Dia Internacional da Poesia

Poesia para alimentar a alma.
No dia 21 de março, celebra-se o Dia Mundial da PoesiaUm tributo à palavra poética, ao poema e aos poetas. A data foi instituída pela UNESCO, em 1999, com o objetivo de comemorar e apoiar a diversidade linguística através da expressão poética. Além de promover o seu ensino.
A poesia é um importante gênero literário que se apresenta como a manifestação da estética por meio da palavra. Podemos encontrar suas origens como expressão artística na Grécia antiga entre os anos 500 e 400 aC. O filósofo grego Platão foi o primeiro a falar de poesia como uma atividade criativa. Segundo a UNESCO, o propósito da celebração é instigar a leitura, escrita e produção de poesias ao redor do planeta. Bem como, celebrar o árduo ofício dos poetas em transmitir o sentimento da sociedade no decorrer de diversos contextos históricos.
Para celebrar a data, reunimos uma seleção de 10 poesias e autores para você ler e inspirar-se. Sabemos que toda lista é injusta, pois são muitos os nomes que poderiam aparecer por aqui. Assim, ao fim não deixe de compartilhar com a gente outros poemas, de própria autoria ou indicações. Afinal, como disse a poeta paraense, Ana Guadalupe, “não conheço ninguém que não seja artista.

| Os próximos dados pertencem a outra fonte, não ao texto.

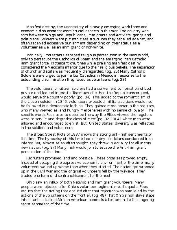 Manifest Destiny, The Uncertainty Of A Newly Emerging Work Force And Economic Displacement Were Crucial Aspects In This War.
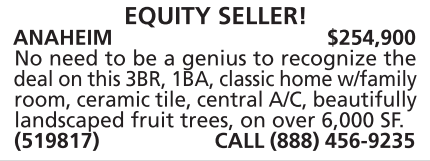 ANAHEIM $254,900 No need to be a genius to recognize the deal on this 3BR, 1BA, classic home w/family room, ceramic tile, central A/C, beautifully landscaped fruit trees, on over 6,000 SF. (519817) CALL (888) 456-9235
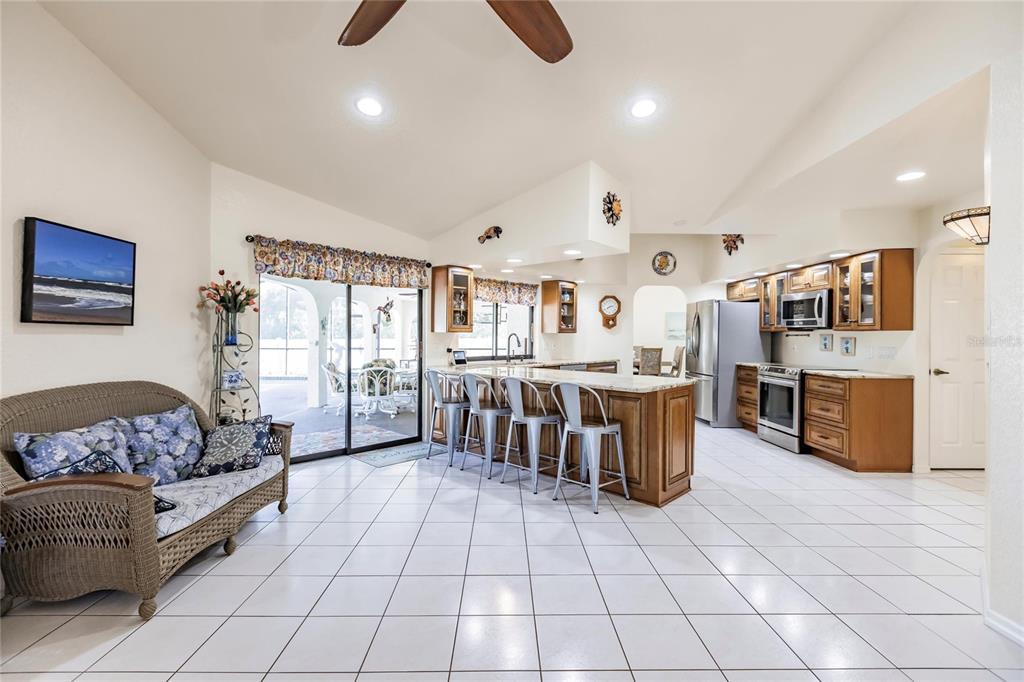 Split Bedroom Walk-In Closet(s) Vaulted Ceiling(s)Ceiling Fan(s) Living Room/Dining Room Combo Stone Counters Open Floorplan Solid Wood Cabinets Skylight(s) Kitchen/Family Room Combo Dry BarExterior Features:
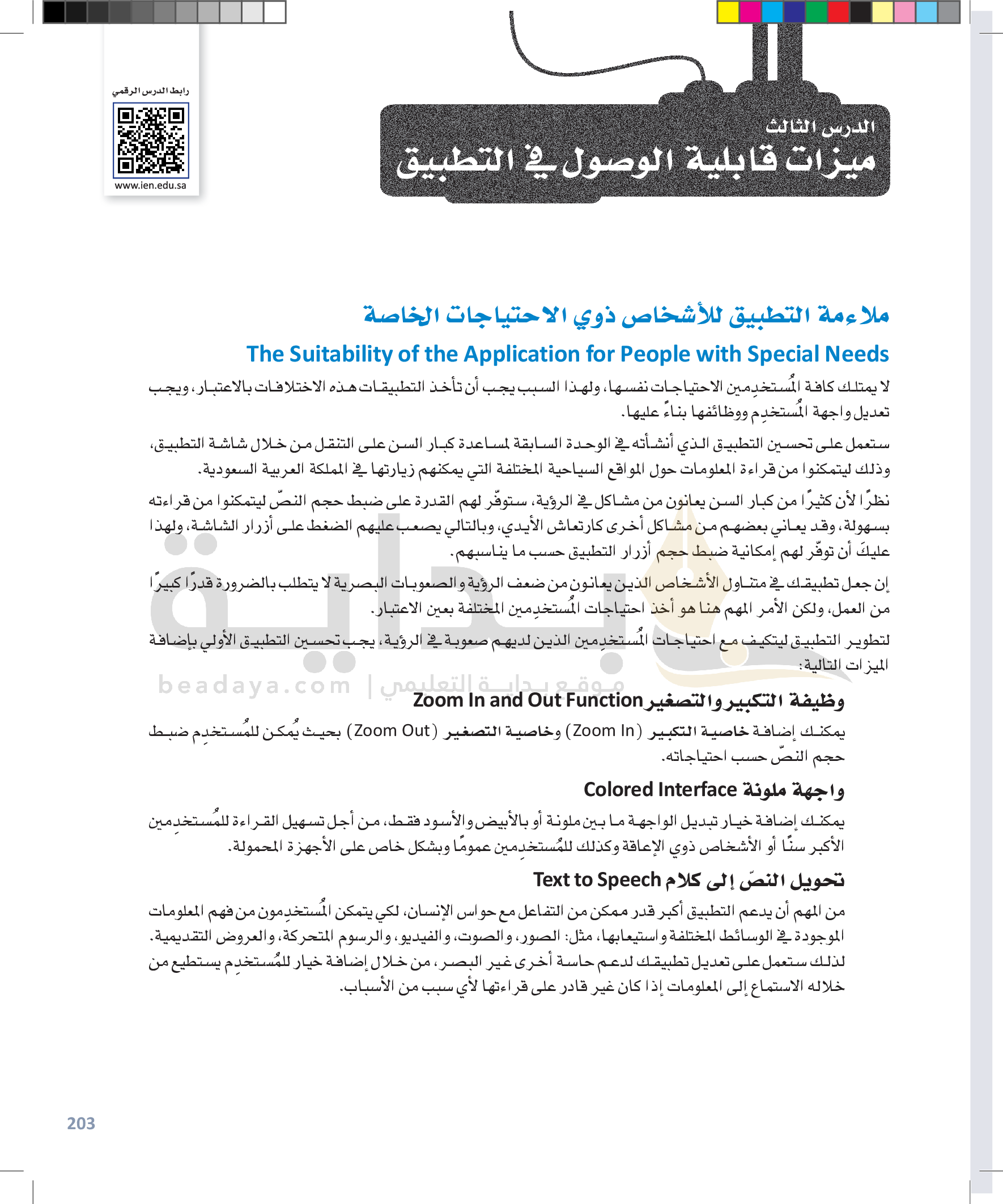 الوحدة 4 - ميزات قابلية الوصول في التطبيق
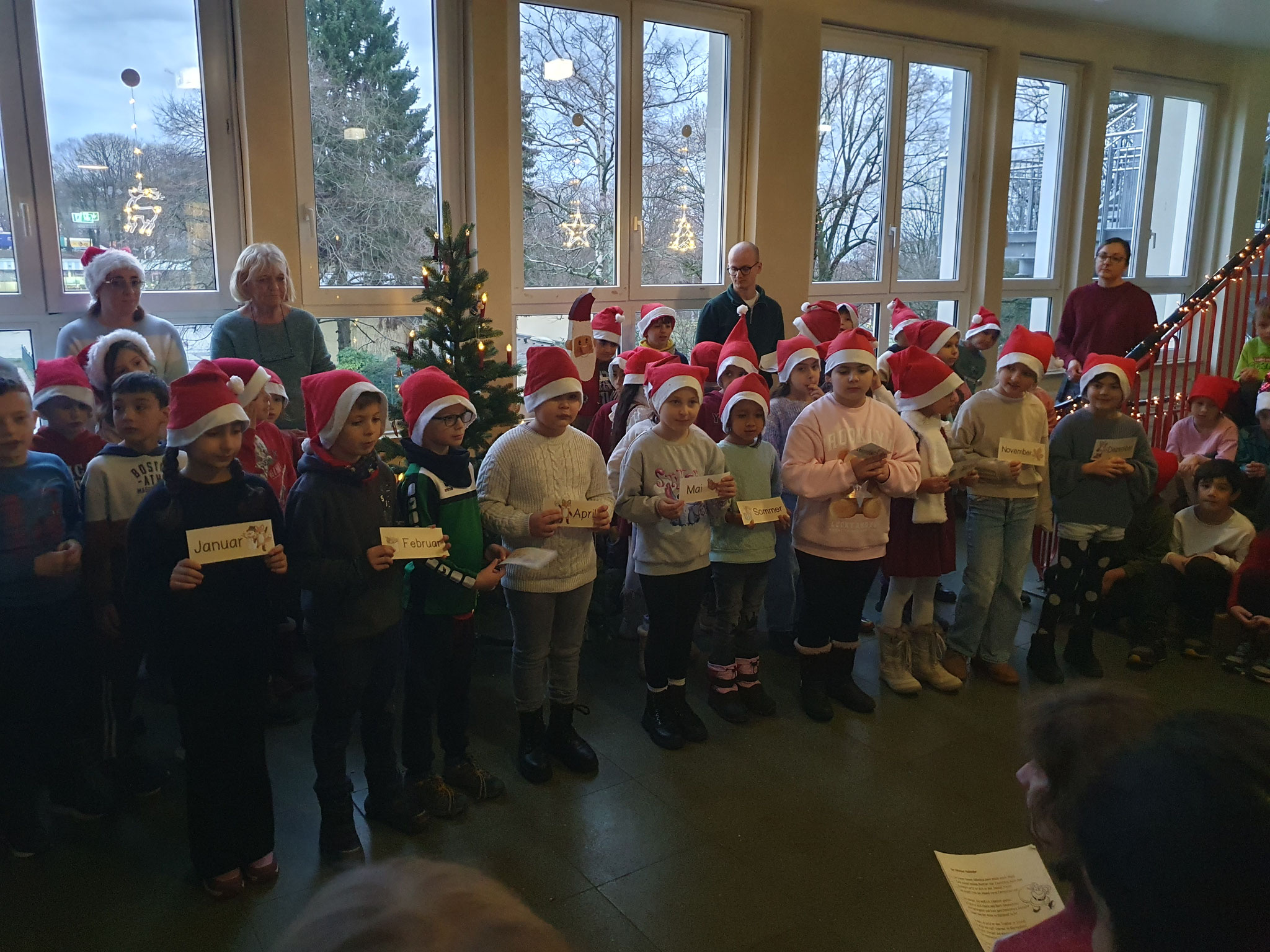 Kling Glöckchen, klingelingeling - gemeinsam im noch dunklen, nur mit Lichterketten erhellten Treppenhaus zu singen, ist eine liebgewonnene Tradition an der GGS Am Stadtpark. Zusätzlich konnten sich die Kinder der 1. und 3. Klassen noch drei tolle Auftritte ihrer Schulkamerad*innen anschauen, die uns viel Freude bereitet haben. Danke dafür!
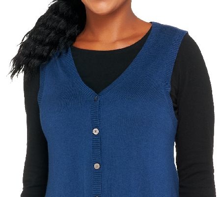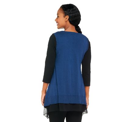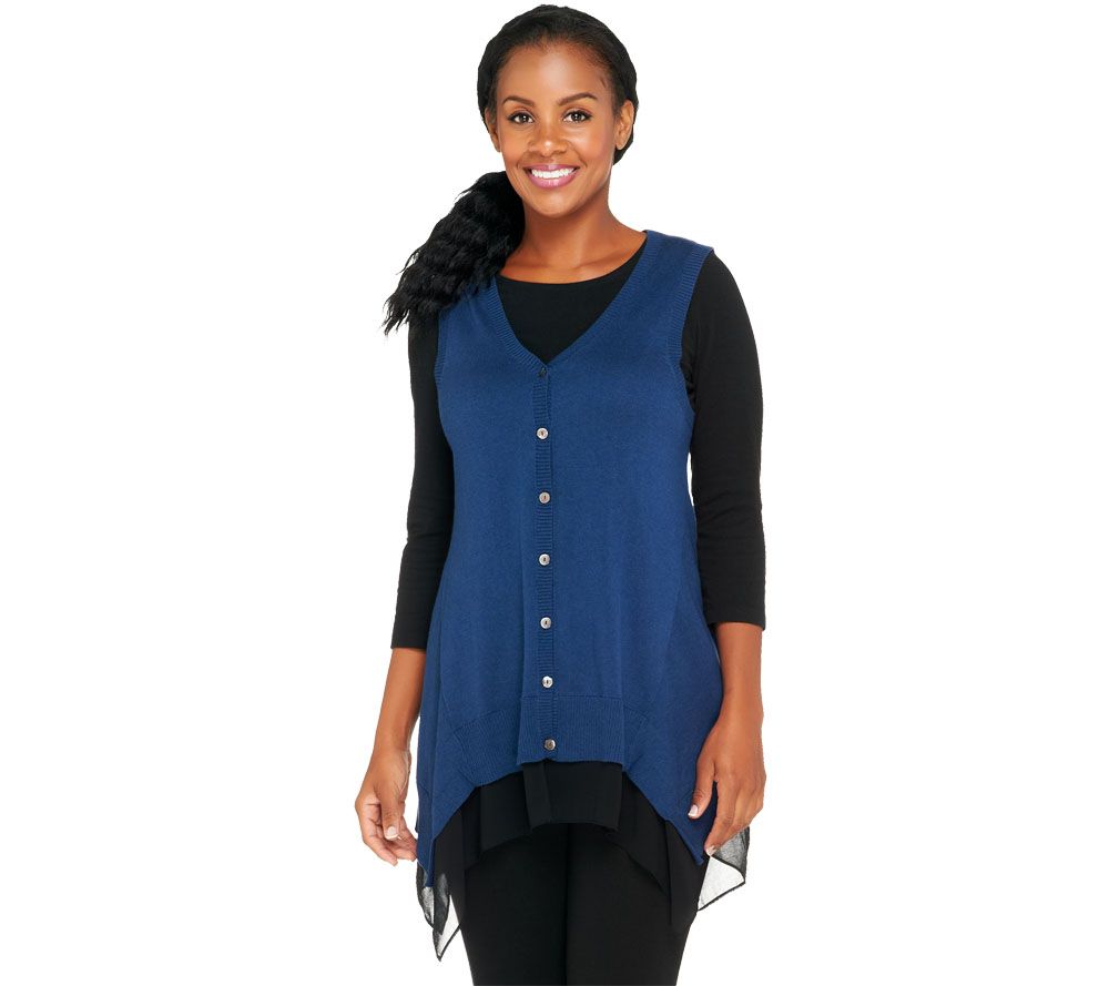Not your typical sweater vest. When a sweater vest is made from comfortable cotton with a touch of cashmere and an asymmetrical hemline trimmed with flowy chiffon, it goes from a sensible layer to a chic style statement. From LOGO by Lori Goldstein(R).
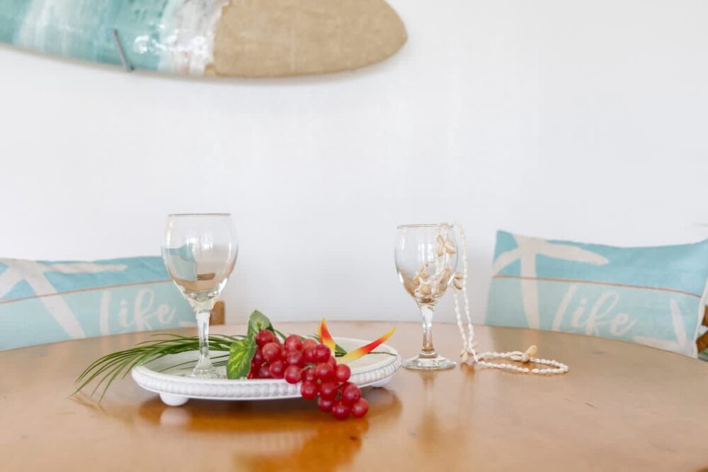 – Your very own Aloha Pack: coffee filters, salt and pepper, laundry detergent, dish soap and sponge, hand soap, shampoo/body wash/lotion set, toilet paper, paper towels, tissues, and cleaning supplies.
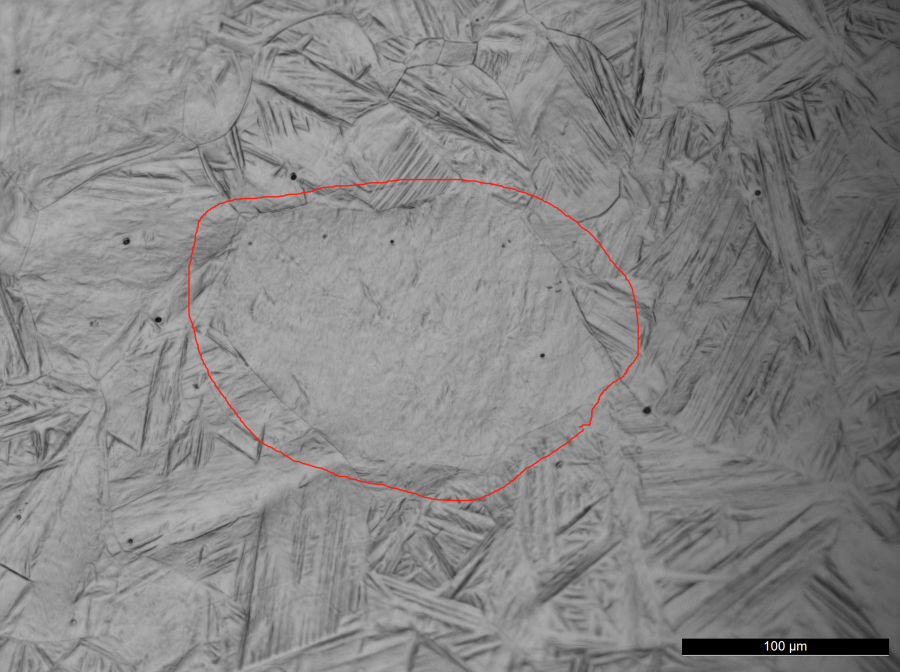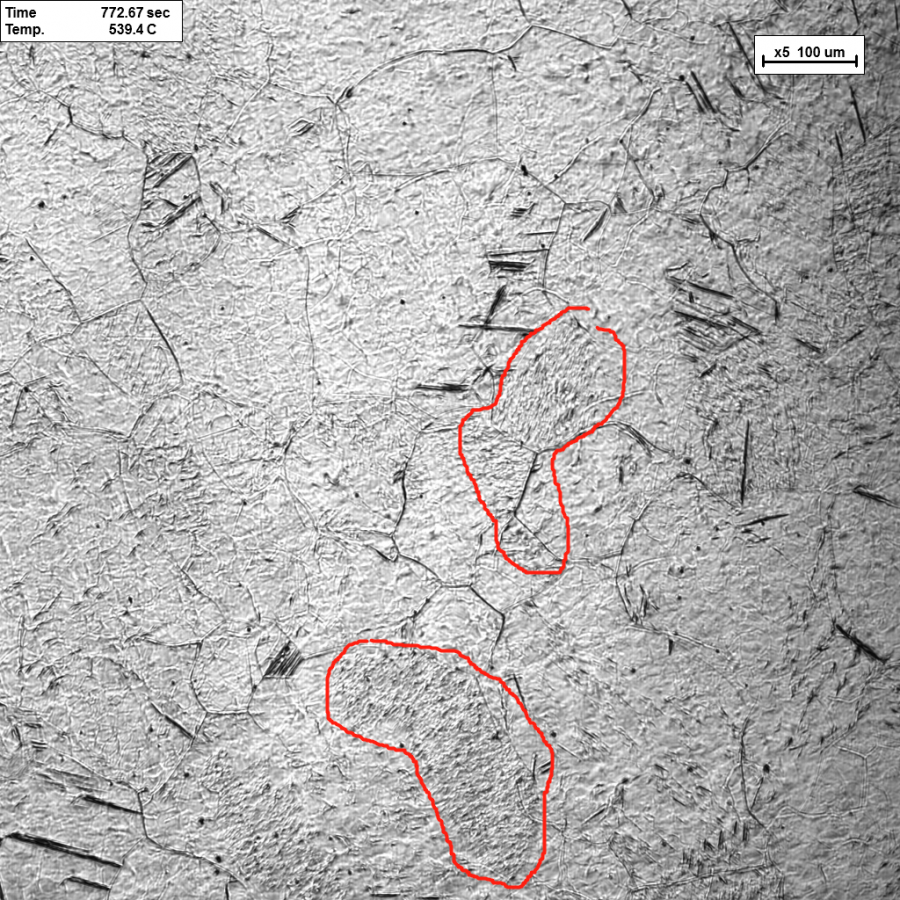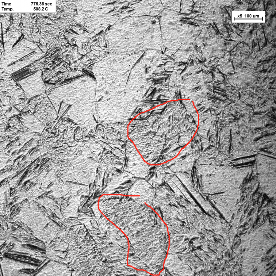想请教一下各位专家同行,图片是低碳贝氏体钢(成分:0.09C-0.12Si-1Mn-0.0092Ti-0.0014B-0.4Cr-0.38Mo-0.036V-0.004Al-0.0042Mg-0.0007O)在高温共聚焦连续冷却过程的出现的成片成片的组织以及最后结束时的金相照片,想问下图中红色范围内的是什么组织?是贝氏体吗? 谢谢! 1.png 2.png 3.png 4.png |
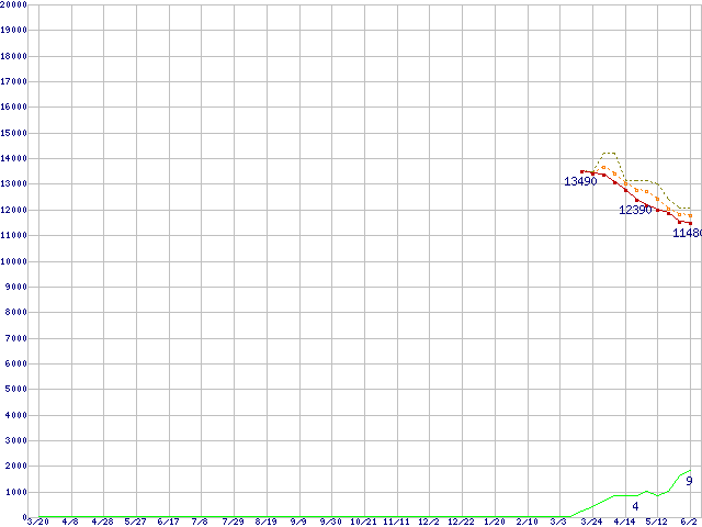 ※このグラフは過去のデータも税率5%相当に調整した税込み相当額のグラフです。 税率変更や、総額表示方式導入(2004年4月)の影響は除いています。 | | | ●凡例 | 最安値 (点線部は販売店未確認 または未調査) | 平均値 | 最高値 | ショップ数 |
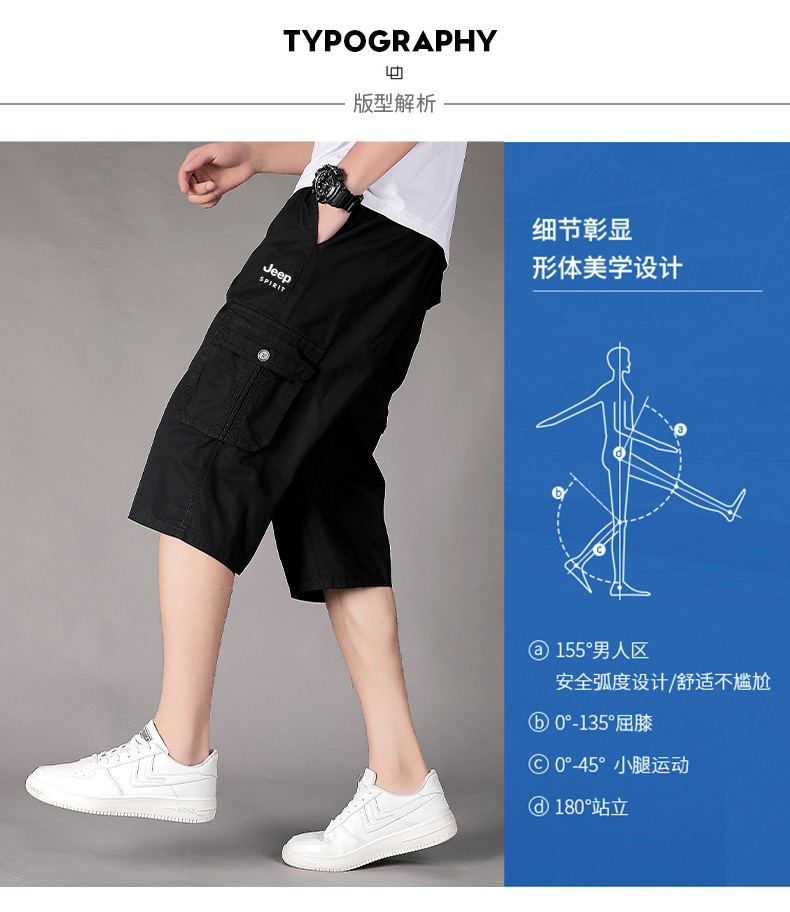 JEEP吉普新款男士短裤多袋工装裤棉质透气大码男装七分裤 JPCS7067HL 黑色/ 卡其色/军绿色/ 灰色/土黄色 XL-6XL 下单请备注颜色尺码
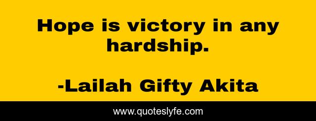 "Lailah Gifty Akita Quotes." Quoteslyfe.com, 2025. Sat. 06 Dec. 2025. <https://www.quoteslyfe.com/quote/Hope-is-victory-in-any-hardship-19765>.
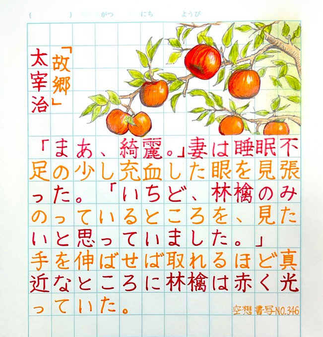 お題をありがとうございます。 No. 346 太宰治「故郷」 #空想書写 枝にたわわになっててたわむんさ。 なっからいっぺえなるんさね。 #書写好きな人と繋がりたい #絵描きさんと繋がりたい #30分ドローイング ※うちの故郷の言葉じゃて。 twitter.com/img_shosha/s…
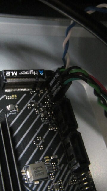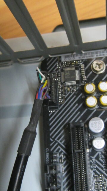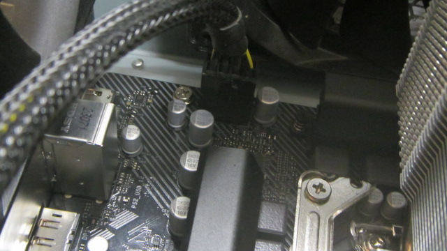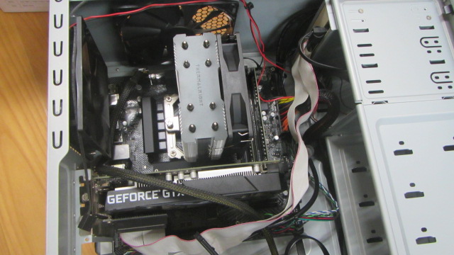 この中古でゲットしたケースの蓋にもファンがついていて、配線があまり長くなく、ふたを閉めるときに、ボードのケースファン端子に挿すのが大変でした
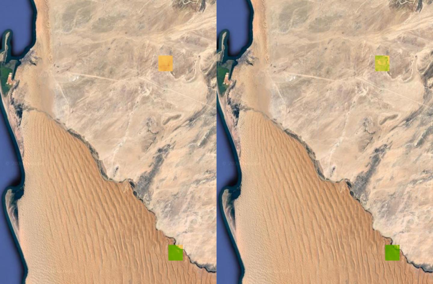 image: Two satellite images show vegetation change from fog in two areas of the Namib desert. The left image shows the areas during periods of lower fog; the right image shows the areas during periods of higher fog. Greener areas inside the squares indicate vegetation greening.
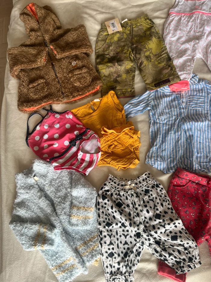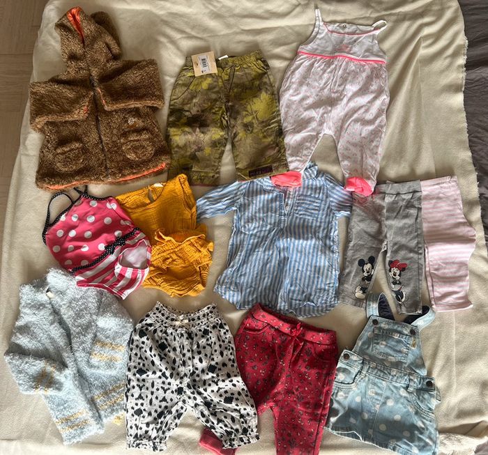 Je vends ce lot de vêtement fille Taille 6 mois Il y a 12 articles à 24€ ça vous fais 2€ pièces. Je peux vendre au détails ça me dérange pas même si j’aimerai liquider en une fois le lot 😅 Niveau marque on as tape à l’œil , 3pommes, H&M , Kiabi , primark , disney Il y a un vêtement avec son étiquette tout neuf , d’autres très peu porter voir jamais même. Tout est en très bon état , j’ai tout trier . Il y a juste le maillot qui a un défaut ( photo à l’appuie ) mais je m’en suis rendu compte lors de la photo. J’ai aussi un lot à vendre mais uniquement de vêtements tachés , je ne veux pas jeter du coup je fais un lot à prix cassés si il y a des intéressés 😉
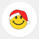Happy Christmas Happy Face With Santa Hat Runder Aufkleber

Este livro foi o primeiro livro publicado por Cora Coralina já aos 75 anos, em 1965. A leitura provoca um sentimento de olhar para o outro, além da alta tensão poética. A memória é o fio que Cora Coralina utiliza para esboçar o plano do livro, da mulher que escreve para “recriar e poetizar sua própria vida”.
RESSALVA
Este livro foi escrito
por uma mulher
que no tarde da Vida
recria e poetiza sua própria
Vida.

Este livro
foi escrito por uma mulher
que fez a escalada da
Montanha da Vida
removendo pedras
e plantando flores.

Este livro:
Versos… Não
Poesia… Não
um modo diferente de contar velhas estórias.


A carioca Alice Sant’Anna é uma das grandes revelações da poesia contemporânea brasileira. A jovem, dona de uma poética bastante delicada, começou a escrever aos 16 anos e lançou os títulos: Dobradura, seu primeiro livro, em 2008 – considerado na época o livro do ano pelo Jornal do Brasil. Ainda, Pingue –Pongue (2012), em parceria com Armando Freitas Filho, Rabo de Baleia (2013) e Pé do Ouvido (2016).
um enorme rabo de baleia
cruzaria a sala nesse momento
sem barulho algum o bicho
afundaria nas tábuas corridas
e sumiria sem que percebêssemos
no sofá a falta de assunto
o que eu queria mas não te conto
é abraçar a baleia mergulhar com ela
sinto um tédio pavoroso desses dias
de água parada acumulando mosquito
apesar da agitação dos dias
da exaustão dos dias
o corpo que chega exausto em casa
com a mão esticada em busca
de um copo d’água
a urgência de seguir para uma terça
ou quarta boia e a vontade
é de abraçar um enorme
rabo de baleia seguir com ela


Tabacaria, de Fernando Pessoa
Tabacaria é um poema escrito em 1928, pelo poeta português, Fernando Pessoa, e publicado no periódico Presença, em julho de 1933.
Não sou nada.
Nunca serei nada.
Não posso querer ser nada.
À parte isso, tenho em mim todos os sonhos do mundo.

Janelas do meu quarto,
Do meu quarto de um dos milhões do mundo.
que ninguém sabe quem é
( E se soubessem quem é, o que saberiam?),
Dais para o mistério de uma rua cruzada constantemente por gente,
Para uma rua inacessível a todos os pensamentos,
Real, impossivelmente real, certa, desconhecidamente certa,
Com o mistério das coisas por baixo das pedras e dos seres,
Com a morte a por umidade nas paredes
e cabelos brancos nos homens,
Com o Destino a conduzir a carroça de tudo pela estrada de nada.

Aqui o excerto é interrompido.